At step (702), based on the parameter file, trend-revealing transforms are applied to the monitoring sequences, resulting in detection schemes. That is, a trend-revealing transform is a recipe for transforming a given set of variables to the sequence of scheme values s1, s2, . . . , sT that reflect the state of the underlying monitoring sequence process at consecutive points in time. These values are non-negative and they have a tendency to increase in response to an onset of a trend interested in being detected. At step (703), decision thresholds are used to decide whether the I-th variable is to be flagged. That is, computation of thresholds is based on the parameter file specifications, such as acceptable rate of false alarms, sensitivity requirements, and characteristics of variability. In step (704), thresholds to the decision schemes are applied. That is, in this phase the thresholds are applied and it is decided which monitored variables are flagged and what are the thresholds that have been violated.
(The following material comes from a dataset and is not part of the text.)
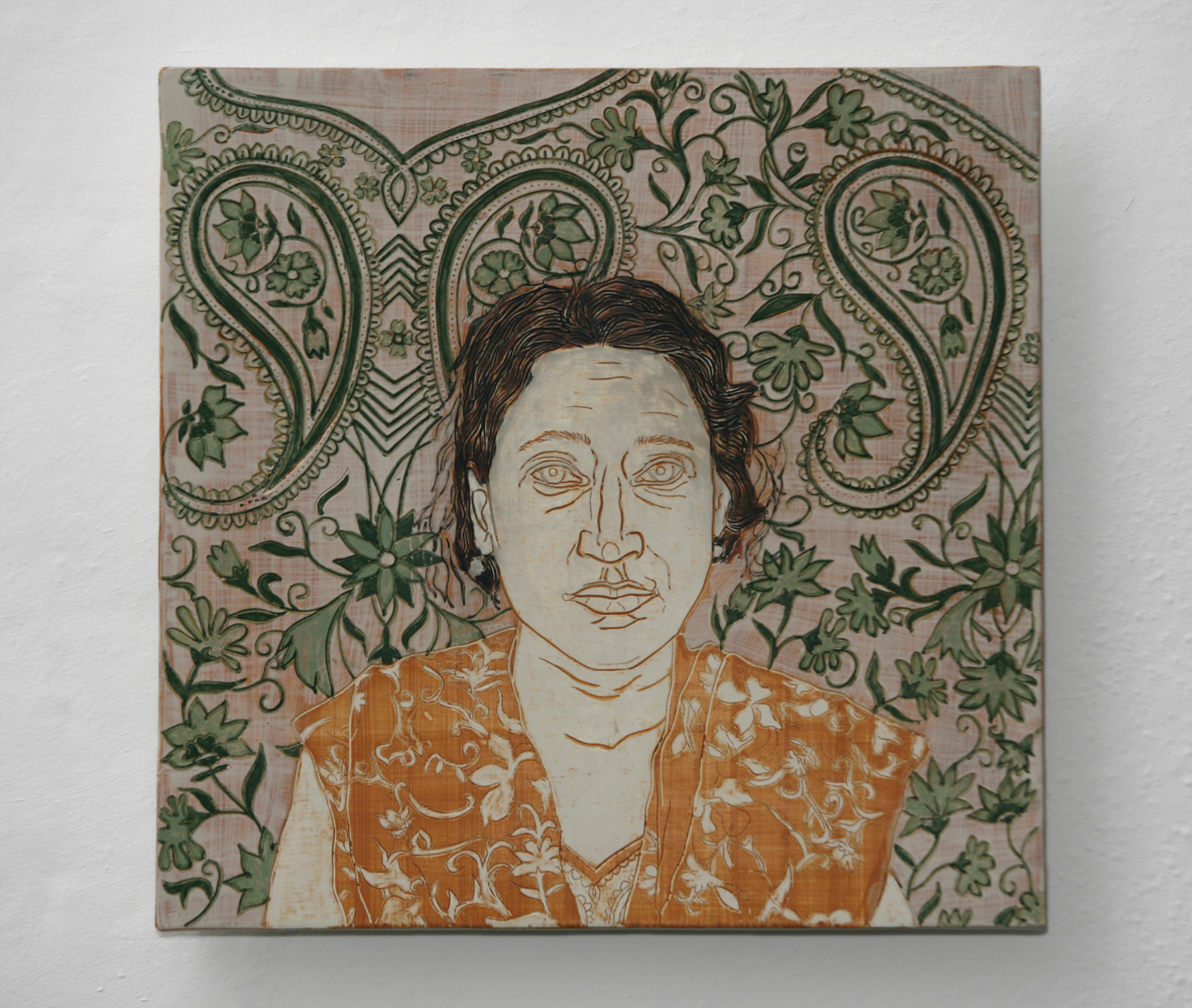 Frauen aus Bangladesch I , 2007 , Gravur und Polimentfarben auf Kreidegrund auf Holz , 33 cm x 33,7 cm

Proceeding to decision step (705), the module determines whether the I-th monitored variable is flagged. If the I-th monitored variable is not flagged, the output is updated in step (707). If the I-th monitored variable is flagged, the ranking factor module associates ranking factors with the violated thresholds (706), which form a basis for sorting alarm conditions. This sorting can then be used for interactive data analysis and interpretation, for decisions on notification policies and corrective actions. In some implementations, ranking factors could be used even for monitoring sequences where no threshold violation was observed. From step 705 and 706, program flow progresses to step (707) and to decision step (708) where a determination is made as to whether all monitored variables have been processed. If all monitored variables have been processed, then the module process flow ends (709). If all monitored variables have not been processed, then flow progresses to step (710), where flow proceeds to the next variable, and the process returns to step (701).
Although a few examples of the present invention have been shown and described, it would be appreciated by those skilled in the art that changes might be made in these embodiments without departing from the principles and spirit of the invention, the scope of which is defined in the claims and their equivalents.